A série “Maid” (Criada), recém lançada pela Netflix, é sobretudo sobre violência doméstica e suas consequências. O que intriga na trama, no entanto, é que a agressão ocorrida não é física, mas sim psicológica. A protagonista Alex, interpretada por Margaret Qualley, nunca levou um tapa do companheiro Sean (Nick Robinson).
O fato leva quase todos, até mesmo sua mãe, a doidona Paula, em interpretação inesquecível de Andie MacDowell, a se voltarem contra ela quando decide abandonar a casa no meio da noite levando a filha. “Ele é um cara legal, um bom pai, nunca te bateu” etc.
Como tudo o que está ruim pode piorar ainda mais, o ex-companheiro, com histórico de drogas e álcool, resolve requerer a paternidade da filha Maddy, interpretada por Rylea Neaeh Whittet. O mundo desaba. E Alex, sem residência fixa, emprego e nem formação alguma se vê obrigada a trabalhar como faxineira em uma empresa que a explora de todas as maneiras. É responsável até mesmo pela compra dos produtos de limpeza.
Ao mesmo tempo, se vê enrolada em um mundo em que mal consegue entender todo a linguagem jurídica – o juridiquês – que a cerca. E é aí, a rês do chão, sem perspectiva alguma de uma vida decente e normal ao lado da filha, que começa a sua decolagem lenta e acidentada.
Alex está só, quase que completamente só. Ao seu lado tem apenas o amor incondicional pela pequena Maddy e a sororidade de outras companheiras em situação semelhante ou pior que a dela, que encontra em um abrigo para mulheres agredidas. A partir de então, a sua história se desdobra na de inúmeras, milhares, milhões de outras mulheres humilhadas, agredidas e abandonadas à própria sorte com seus filhos.

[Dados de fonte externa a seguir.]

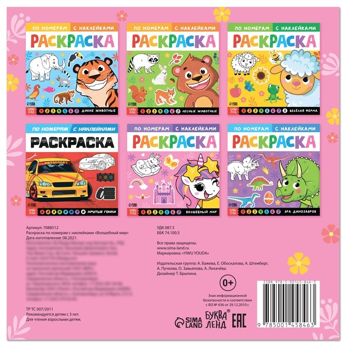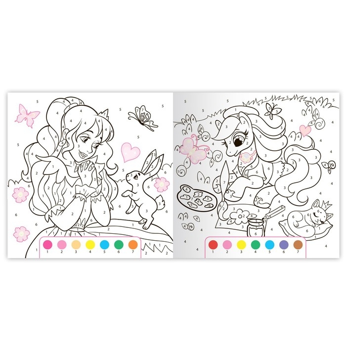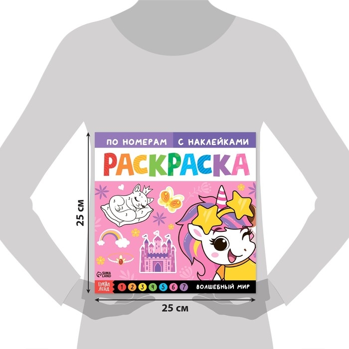 Раскраска по номерам с наклейками «Волшебный мир», 16 стр.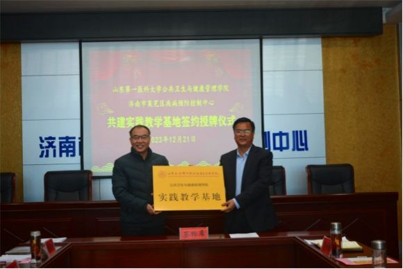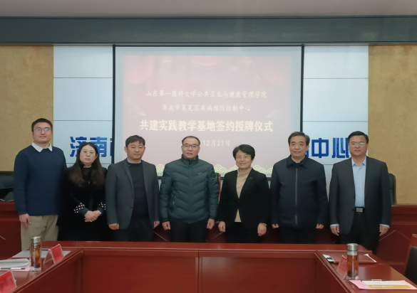 12月21日,公司党委书记王君林、副经理徐希柱等一行4人赴莱芜区疾病预防控制中心举行实践教学基地签约揭牌仪式。莱芜区委常委、区政府副区长王静媛,莱芜区卫生健康局党组书记、局长崔言炬,莱芜区疾病预防控制中心党总支书记、主任高永生出席会议,会议由崔言炬主持。

A história de Alex é adaptada do livro “Superação: Trabalho Duro, Salário Baixo e o Dever de Uma Mãe Solo”, de Stephanie Land. É, portanto, baseada em um fato real. Na verdade, é baseada em milhões de fatos reais.
De acordo com números da NCADV - National Coalition Against Domestic Violence (Coalisão Nacional Contra a Violência Doméstica), 10 milhões de adultos nos EUA sofrem violência doméstica anualmente, uma média aproximada de 20 casos a cada minuto. Já no Brasil, apenas em 2020, o serviço de denúncias 190 recebeu uma média de uma ligação por minuto com denúncias de violência doméstica, um aumento de 16,3% em relação a 2019, de acordo com o Anuário Brasileiro de Segurança Pública.
Longe de cair no melodrama, “Maid” se mantém firme do início ao fim no intuito de alertar o espectador para o problema sem deixar em momento algum de apontar saídas, que são duras, muitas vezes quase insuportáveis, mas sempre imprescindíveis.
Margaret Qualley está irretocável no papel de Alex e consegue manter a dignidade de sua personagem até mesmo, e principalmente, quando está literalmente atolada em fezes e sujeira por todos os lados.
Por tudo o que representa – e pela obra em si – “Maid” é digna de atenção e muitos prêmios.